# Data below
-=-=-=-=-
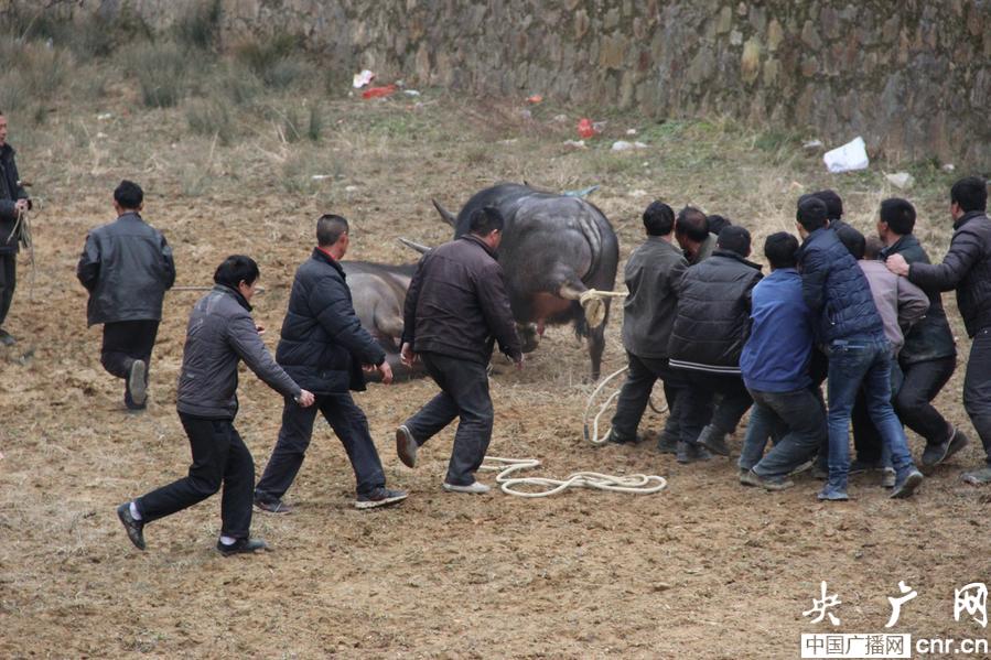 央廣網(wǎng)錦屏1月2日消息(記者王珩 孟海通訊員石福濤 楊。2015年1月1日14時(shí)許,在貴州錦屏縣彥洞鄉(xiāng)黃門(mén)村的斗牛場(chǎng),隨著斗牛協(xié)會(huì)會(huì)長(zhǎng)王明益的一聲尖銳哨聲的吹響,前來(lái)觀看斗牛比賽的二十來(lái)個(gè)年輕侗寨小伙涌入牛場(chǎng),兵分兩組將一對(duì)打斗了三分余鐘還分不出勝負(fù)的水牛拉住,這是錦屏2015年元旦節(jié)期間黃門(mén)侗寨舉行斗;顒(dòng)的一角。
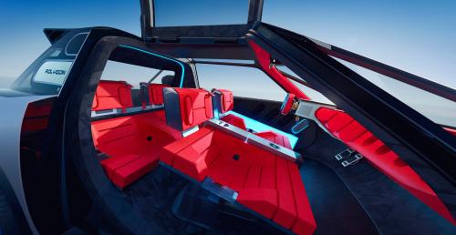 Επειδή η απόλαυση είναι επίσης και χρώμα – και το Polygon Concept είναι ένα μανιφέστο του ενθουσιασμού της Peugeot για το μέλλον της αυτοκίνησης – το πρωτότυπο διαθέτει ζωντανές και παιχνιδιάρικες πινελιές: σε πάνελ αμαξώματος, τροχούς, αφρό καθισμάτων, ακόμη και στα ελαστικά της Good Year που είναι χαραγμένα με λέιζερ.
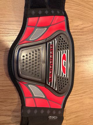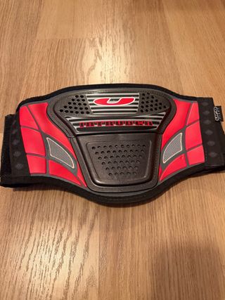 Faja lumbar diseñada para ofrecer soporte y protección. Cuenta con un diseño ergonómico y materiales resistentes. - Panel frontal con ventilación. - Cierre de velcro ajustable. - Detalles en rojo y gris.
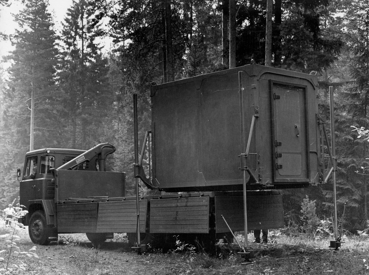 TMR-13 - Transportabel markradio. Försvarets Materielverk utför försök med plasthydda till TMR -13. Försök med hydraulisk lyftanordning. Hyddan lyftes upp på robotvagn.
-=-=-=-=-
# Your task
Return all the data above as written, leaving out only the pictures.

# Solution to this exercise
 央廣網(wǎng)錦屏1月2日消息(記者王珩 孟海通訊員石福濤 楊。2015年1月1日14時(shí)許,在貴州錦屏縣彥洞鄉(xiāng)黃門(mén)村的斗牛場(chǎng),隨著斗牛協(xié)會(huì)會(huì)長(zhǎng)王明益的一聲尖銳哨聲的吹響,前來(lái)觀看斗牛比賽的二十來(lái)個(gè)年輕侗寨小伙涌入牛場(chǎng),兵分兩組將一對(duì)打斗了三分余鐘還分不出勝負(fù)的水牛拉住,這是錦屏2015年元旦節(jié)期間黃門(mén)侗寨舉行斗;顒(dòng)的一角。
 Επειδή η απόλαυση είναι επίσης και χρώμα – και το Polygon Concept είναι ένα μανιφέστο του ενθουσιασμού της Peugeot για το μέλλον της αυτοκίνησης – το πρωτότυπο διαθέτει ζωντανές και παιχνιδιάρικες πινελιές: σε πάνελ αμαξώματος, τροχούς, αφρό καθισμάτων, ακόμη και στα ελαστικά της Good Year που είναι χαραγμένα με λέιζερ.
 Faja lumbar diseñada para ofrecer soporte y protección. Cuenta con un diseño ergonómico y materiales resistentes. - Panel frontal con ventilación. - Cierre de velcro ajustable. - Detalles en rojo y gris.
 TMR-13 - Transportabel markradio. Försvarets Materielverk utför försök med plasthydda till TMR -13. Försök med hydraulisk lyftanordning. Hyddan lyftes upp på robotvagn.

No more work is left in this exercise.